TU Wien Researchers Succeed in Coupling Atomic Defects in Diamonds Using Quantum Physics

Two black diamonds on a superconducting chip (12x4 mm). The wiggly line is a resonator, coupling the two diamonds. Credit: TU Wien

Diamonds with very little flaws are capable of playing a vital role in the future of quantum technology. The quantum properties of such diamonds were studied by researchers at TU Wien for some time. However, only recently did they succeed in coupling the particular defects in two such diamonds with one another. This is indeed considered to be a significant prerequisite for the development of new applications, such as highly sensitive switches and sensors for quantum computers. The outcome of this study will be published in the journal ‘Physical Review Letters’.

In search of a suitable quantum system

“Unfortunately, quantum states are very fragile and decay very quickly”, explains Johannes Majer, head of the hybrid quantum research group, based at the Institute of Atomic and Subatomic Physics at TU Wien. It is for this reason that a detailed research is being carried out in order to find quantum systems suitable for technical applications. Till date, there has been no system capable of meeting all the requirements simultaneously even though there are some promising candidates with specific advantages.

Diamonds with very specific defects are one potential candidate for making quantum computers a reality.

Johannes Majer., Head of Hybrid Quantum Research Group, TU Wein

A pure diamond is exclusively developed from carbon atoms. However, in some diamonds there can be instances where a nitrogen atom is present instead of a carbon atom, and neighboring this, within the diamond’s atomic structure, there is an anomaly where no atom is present – this is called a ‘vacancy’. This defect, comprising of the nitrogen atom and vacancy, results in the formation of an extremely long-lasting state, producing diamonds with these specific flaws ideally suited to quantum experiments.

It all depends on the coupling

The ability to couple together such quantum systems is indeed considered to be an important pre-requisite for an increased number of quantum technological applications, as this coupling was until now only scarcely been possible for diamond systems. “The interaction between two such nitrogen-vacancy defects is extremely weak and only has a reach of around 10 nanometres”, says Majer.

This feat has thus been accomplished though with the help of a superconducting quantum chip that develops microwave radiation.  For a very long time, the TU Wien team has been studying how diamonds can be manipulated by microwaves:

Billions of nitrogen-vacancy defects in diamonds are coupled collectively with a microwave field.

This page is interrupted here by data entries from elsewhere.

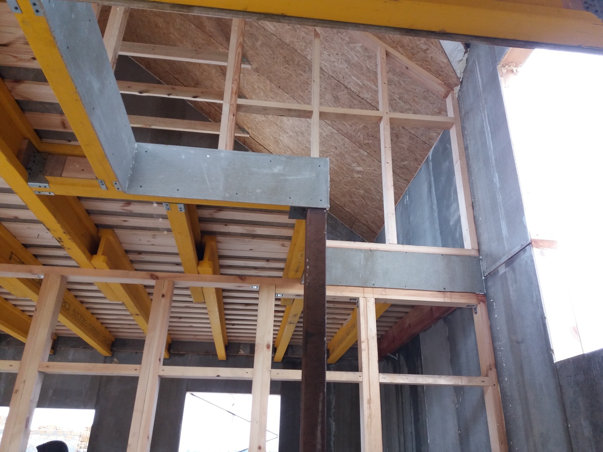 • Межэтажное перекрытие: Балки перекрытия БДК 250/300/350х65 мм, верхняя поперечная обрешетка 22х90 мм, сплошной настил листы ЦСП 12-16 мм. Звукоизоляция перекрытия. Пароизоляция перекрытия. Готовность пола и потолка под чистовую отделку.
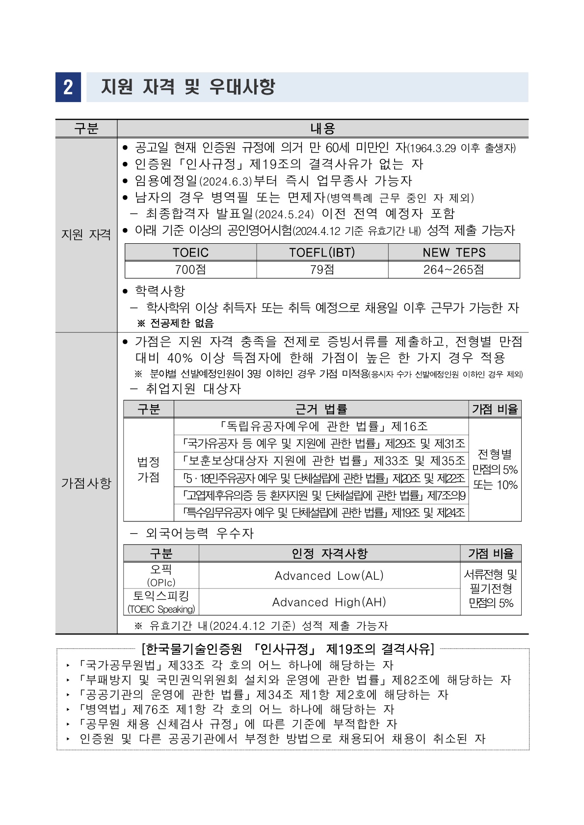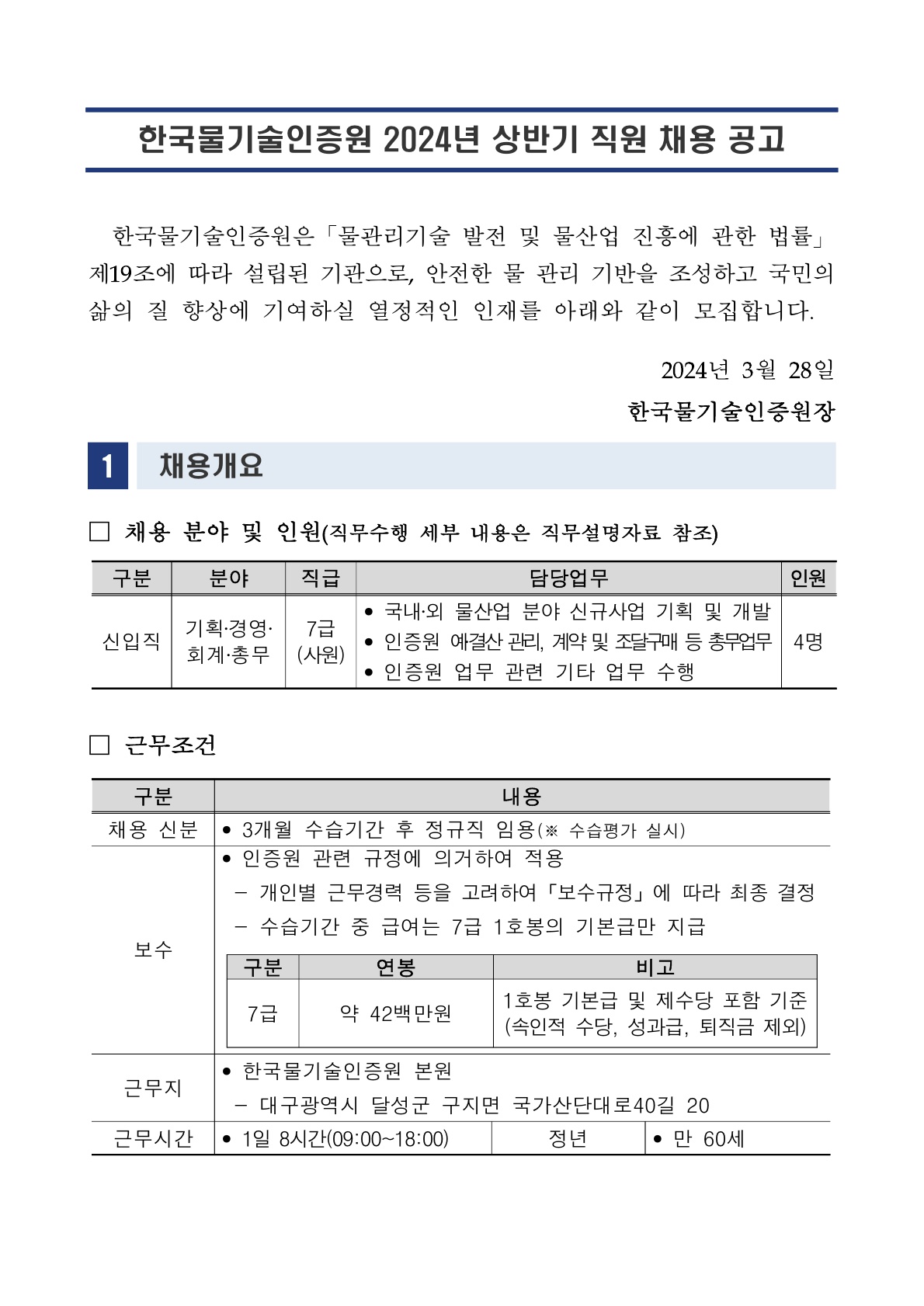 [한국물기술인증원] 2024년 상반기 직원 채용 공고
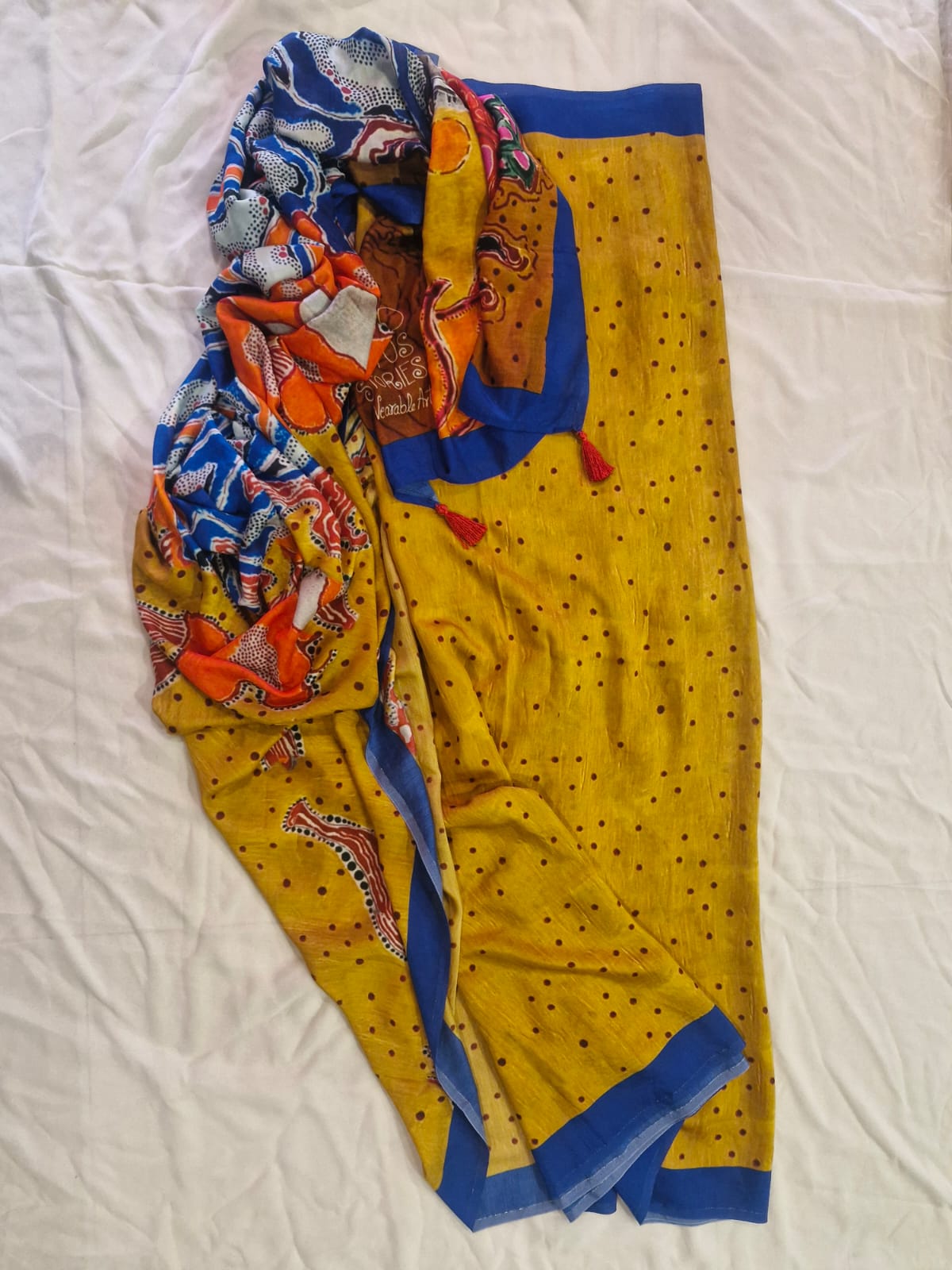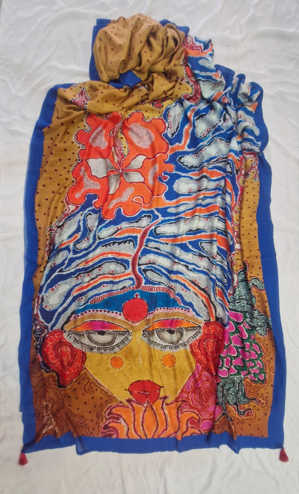 Celebrate personal style with Blue-Blessed Durga Saree exhibiting art print from ‘DURGA’ art series; hand-painted by visual artist Somya, founder of Red Lotus Stories.
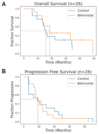 (A) Overall Survival (OS) Kaplan-Meier Survival Curves. The median OS for the control and belinostat cohorts was 15.8 and 18.5 months, respectively (p = 0.53), for all patients. (B) Progression free survival (PFS) for all patients. The median PFS for control and belinostat cohorts was 9.0 months and 9.3 months, respectively (p = 0.75).
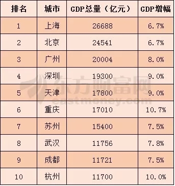 (图为2016年中国城市GDP排名)
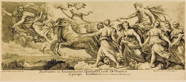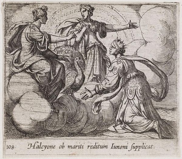 Editor: This is Antonio Tempesta's "Anius's Daughters Changing into Birds." I'm struck by the dynamic composition, the way the figures seem to be in a state of transformation. What are your thoughts on the visual elements at play here? Curator: The power of this print lies in the artist's command of line. Observe how Tempesta uses hatching and cross-hatching to create tonal variations and a sense of depth, despite the limited color palette. Note also how the artist created movement through the positioning of the figures. Editor: Yes, the texture created by the lines really enhances that sense of movement and change. Curator: Precisely. The formal elements work together to convey a scene of metamorphosis and flight. Editor: I see it now, it's like the lines themselves embody the transformation. Thank you. Curator: A close analysis reveals the artistry embedded in its visual language.

In this way, the quantum state of the diamonds can be manipulated and read out.

Johannes Majer., Head of Hybrid Quantum Research Group, TU Wein

The researchers have now moved on to the next step as they were successful in coupling two different diamonds, one at each end of the chip, in order to develop an interaction between the two diamonds. “This interaction is mediated by the microwave resonator in the chip in between; here, the resonator plays a similar role to that of a data bus in a regular computer”, says Johannes Majer.

It is possible to selectively switch on and off the coupling between the two diamonds: “the two diamonds are rotated against each other at a certain angle”, reports Thomas Astner, the lead author of the current work. “Additionally, a magnetic field is applied, with the direction playing a decisive role: if both diamonds are aligned at the same angle within the magnetic field, then they can be coupled using quantum physics. With other magnetic field directions, it is possible to investigate the individual diamonds without coupling”. Noomi Peterschofsky took up the initial steps on the experiment as part of her undergraduate thesis. Thomas Astner and Stefan Nevlacsil subsequently succeeded in illustrating the coupling of the diamonds in an experiment that was part of their Master’s thesis.